**Task material:**
◇ ◇ ◇ ◇ ◇ ◇ ◇

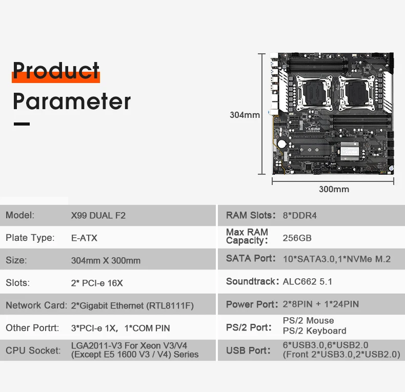 1 * x99 двойная материнская плата F2 + 2 * E5 2678V 3 CPU + 8 * DDR4 16GB = 128GB 2400MHz
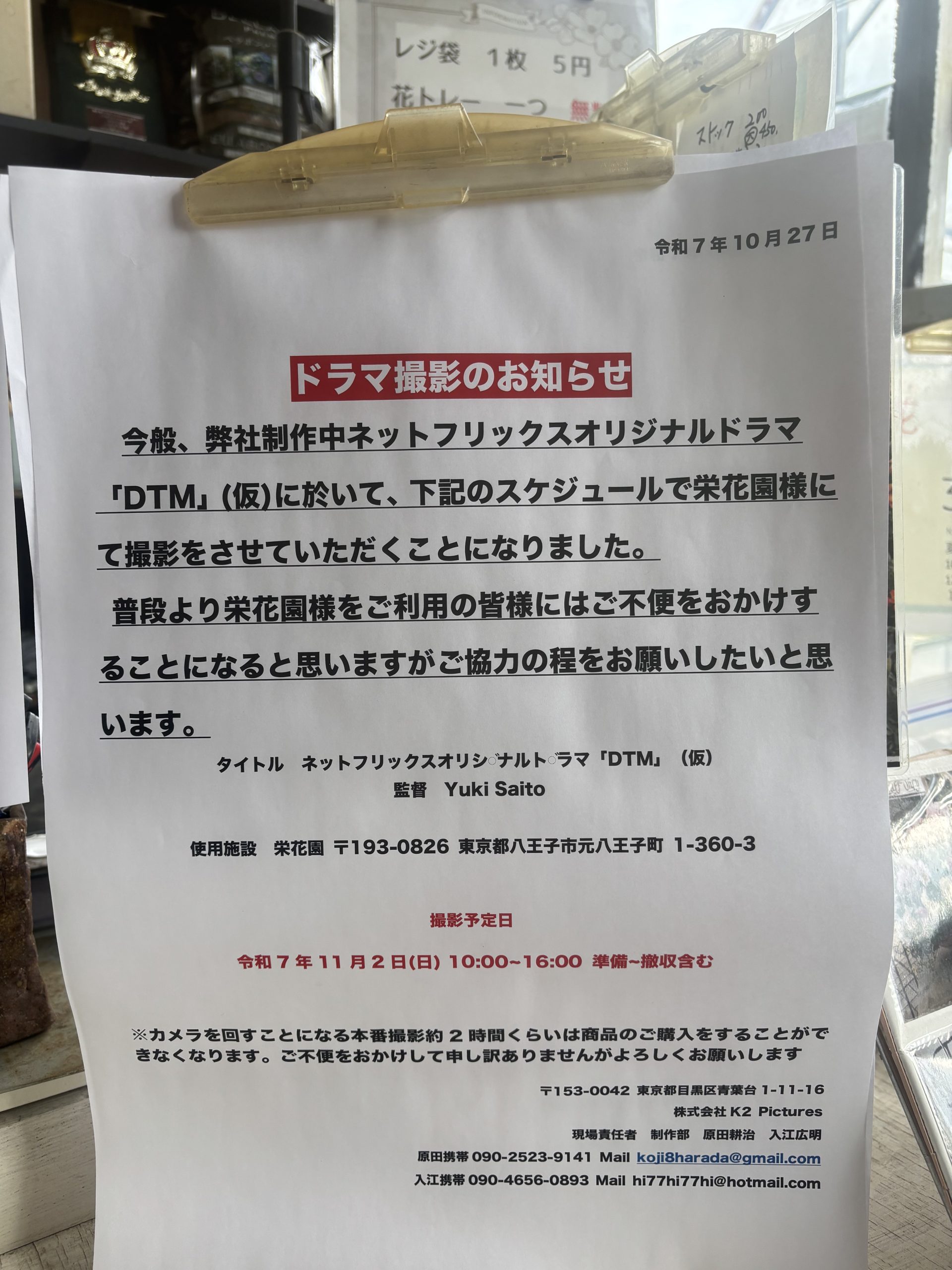 11月2日(日)にてネットフリックスのテレビドラマ撮影のロケ現場になりました、そのため当日は完全閉店とはなりませんが、購入に制限がかかるためご迷惑をおかけしします、本番撮影の約2時間は購入不可となります、また撮影時は車の駐車も不可となりますのでご了承下さい。
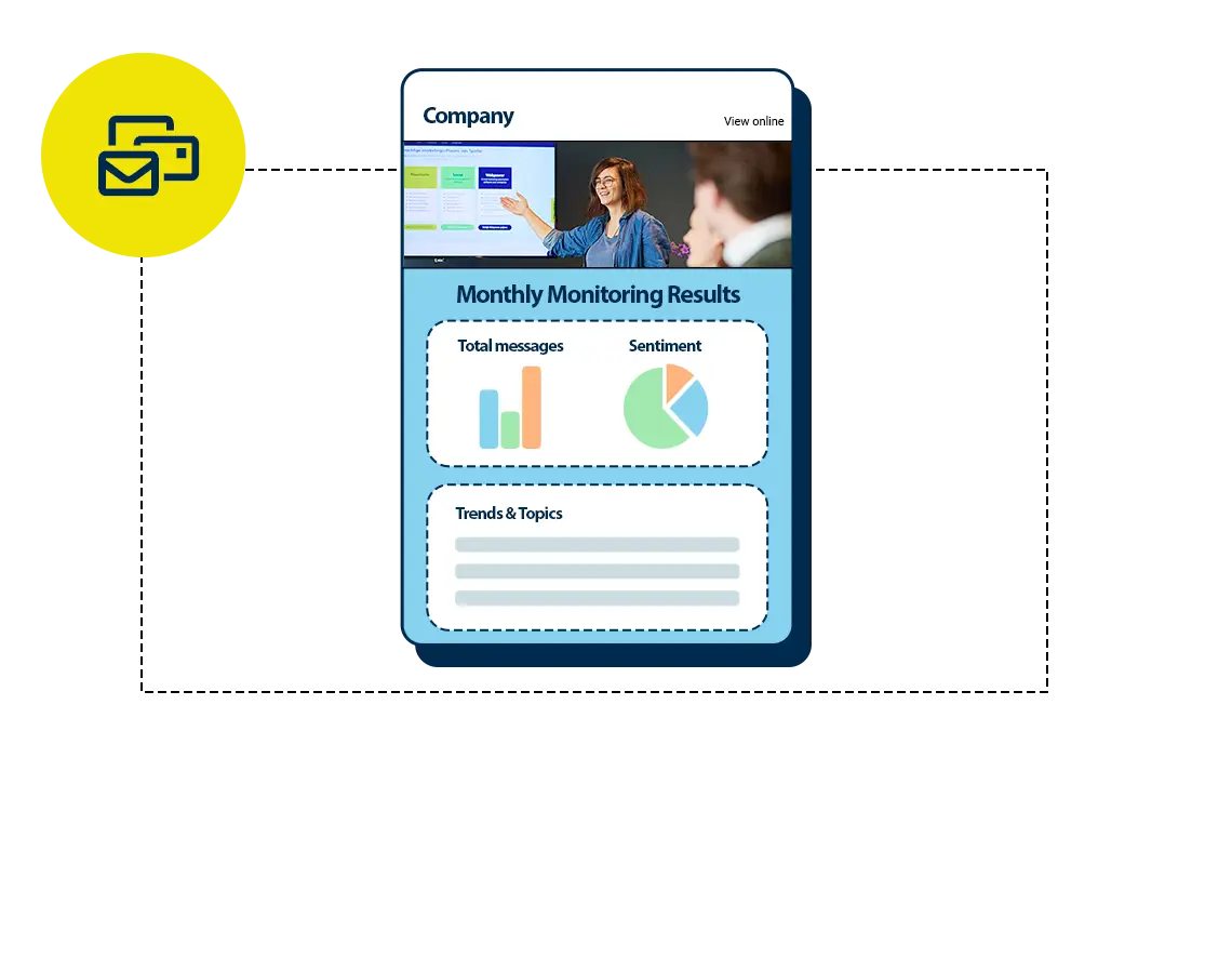 Houd collega’s en stakeholders op de hoogte met automatische nieuwsbrieven en deelbare rapportages. In je eigen huisstijl en direct klaar om te delen, van e-mail tot narrowcasting.
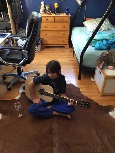 Mi hijo le gusta sentarse en su alfombra de vaca y tocar su guitarra. Si él sigue creciendo su pelo habrá dominado el look "rock star".
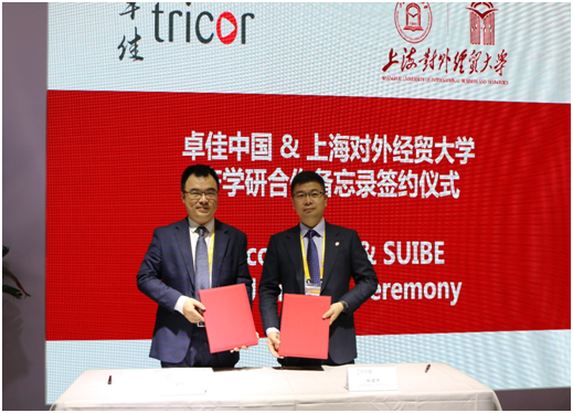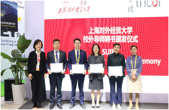 11月7日上午,会计学院与卓佳中国在本届进博会国家会展中心8号馆举行产学研合作基地签约仪式。上海对外经贸大学副校长陈洁、会计学院党委书记谈华、副院长杨慧辉、副书记张晴晴,卓佳中国首席执行官张海亮、首席财务官林建伟、首席运营官游旭挺、商务服务总监金峰梅、人力资源总监王艳出席签约仪式。
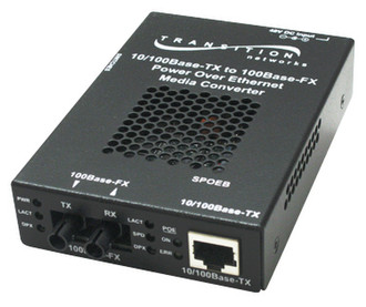 Transition's AC powered PoE media converters combine data received over a fiber optic link with -48VDC power; providing power to Data Terminal Equipment (DTE) Power Devices (PD) over unshielded twisted pair cable. The PoE converters are Power Sourcing Equipment (PSE) and are fully compatible with Powered Devices (PD) that comply with the IEEE802.3af™: 2003 standard. The converters also include a PD signature sensing and power monitoring features per the IEEE 802.3af standard. Other features include Over-Current Protection, Under-Current Detection and Fault Protection Input.
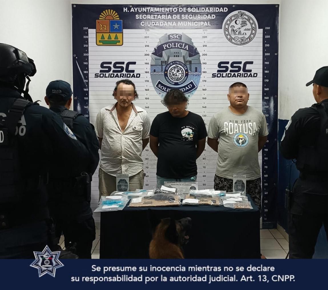PLAYA DEL CARMEN.- Se logró la detención de tres integrantes de la delincuencia organizada en el fraccionamiento In House en Playa del Carmen.
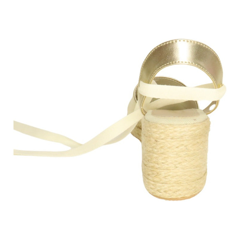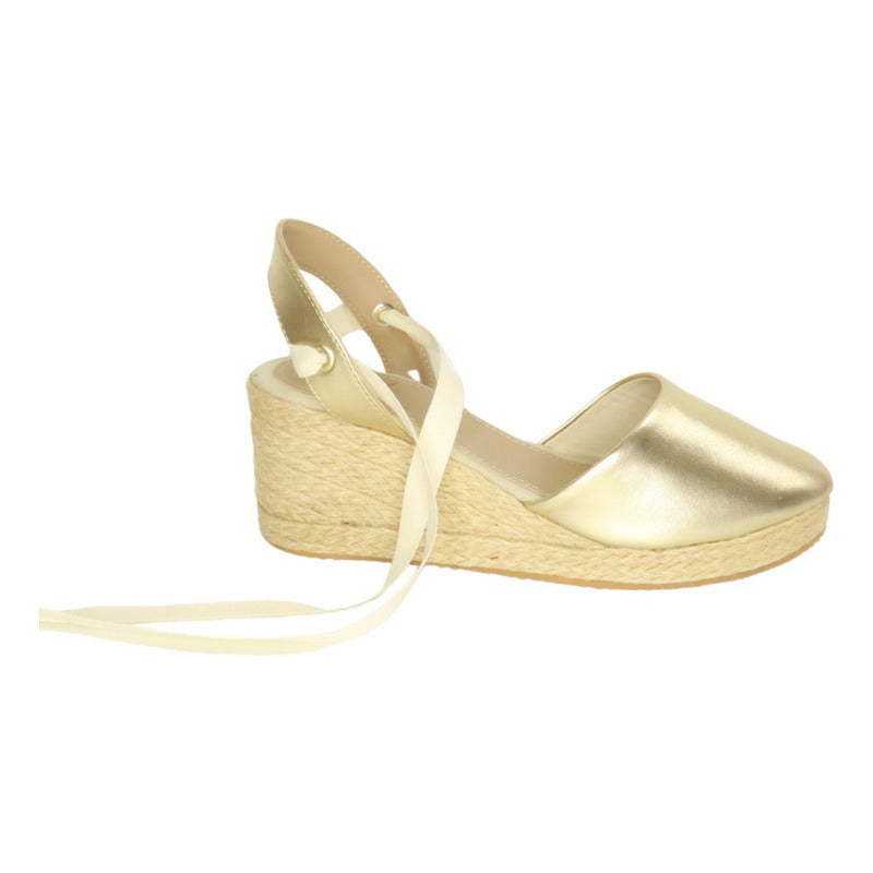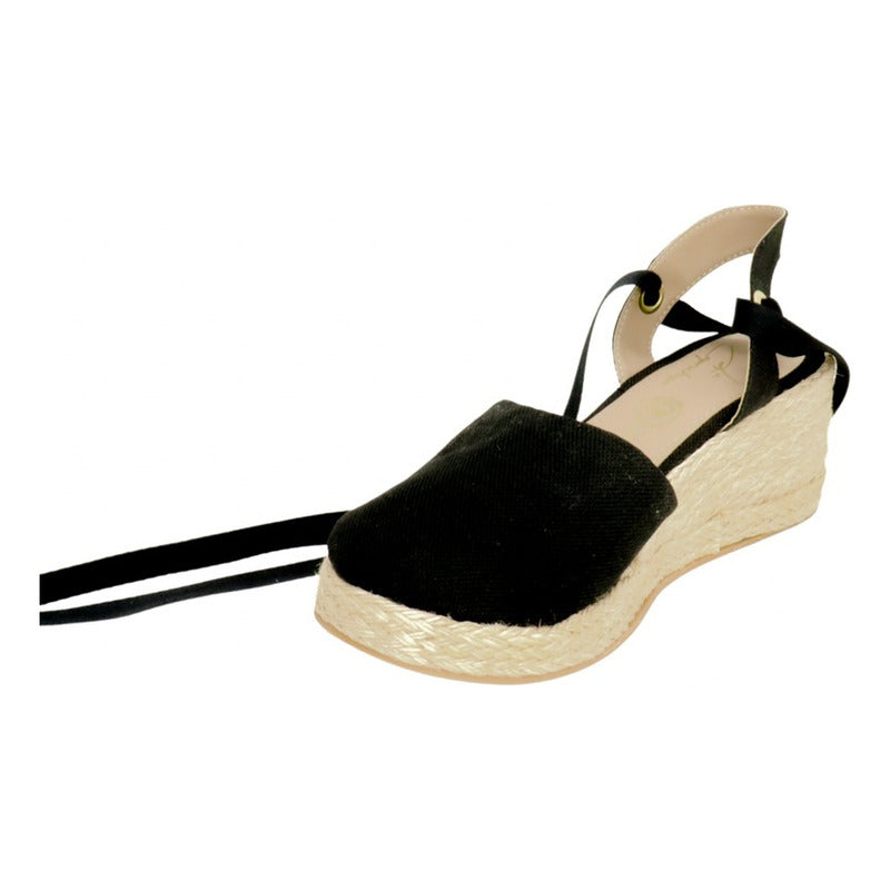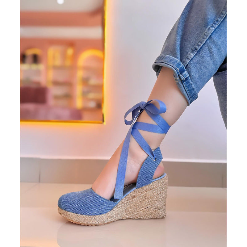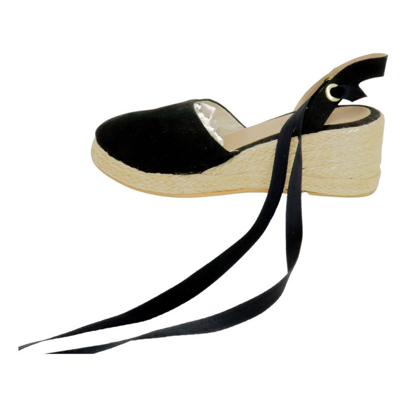 La parte superior, fabricada en material suave tipo lona, se adapta cómodamente al pie, mientras que las tiras para amarrar al tobillo aportan un toque femenino y coqueto que estiliza la pierna. Además, su suela ligera permite caminar con naturalidad y seguridad en cualquier superficie.

◇ ◇ ◇ ◇ ◇ ◇ ◇

**Exercise prompt:**
Without the pictures, give back every record precisely as shown.

**Your response:**
 1 * x99 двойная материнская плата F2 + 2 * E5 2678V 3 CPU + 8 * DDR4 16GB = 128GB 2400MHz
 11月2日(日)にてネットフリックスのテレビドラマ撮影のロケ現場になりました、そのため当日は完全閉店とはなりませんが、購入に制限がかかるためご迷惑をおかけしします、本番撮影の約2時間は購入不可となります、また撮影時は車の駐車も不可となりますのでご了承下さい。
 Houd collega’s en stakeholders op de hoogte met automatische nieuwsbrieven en deelbare rapportages. In je eigen huisstijl en direct klaar om te delen, van e-mail tot narrowcasting.
 Mi hijo le gusta sentarse en su alfombra de vaca y tocar su guitarra. Si él sigue creciendo su pelo habrá dominado el look "rock star".
 11月7日上午,会计学院与卓佳中国在本届进博会国家会展中心8号馆举行产学研合作基地签约仪式。上海对外经贸大学副校长陈洁、会计学院党委书记谈华、副院长杨慧辉、副书记张晴晴,卓佳中国首席执行官张海亮、首席财务官林建伟、首席运营官游旭挺、商务服务总监金峰梅、人力资源总监王艳出席签约仪式。
 Transition's AC powered PoE media converters combine data received over a fiber optic link with -48VDC power; providing power to Data Terminal Equipment (DTE) Power Devices (PD) over unshielded twisted pair cable. The PoE converters are Power Sourcing Equipment (PSE) and are fully compatible with Powered Devices (PD) that comply with the IEEE802.3af™: 2003 standard. The converters also include a PD signature sensing and power monitoring features per the IEEE 802.3af standard. Other features include Over-Current Protection, Under-Current Detection and Fault Protection Input.
PLAYA DEL CARMEN.- Se logró la detención de tres integrantes de la delincuencia organizada en el fraccionamiento In House en Playa del Carmen.
 La parte superior, fabricada en material suave tipo lona, se adapta cómodamente al pie, mientras que las tiras para amarrar al tobillo aportan un toque femenino y coqueto que estiliza la pierna. Además, su suela ligera permite caminar con naturalidad y seguridad en cualquier superficie.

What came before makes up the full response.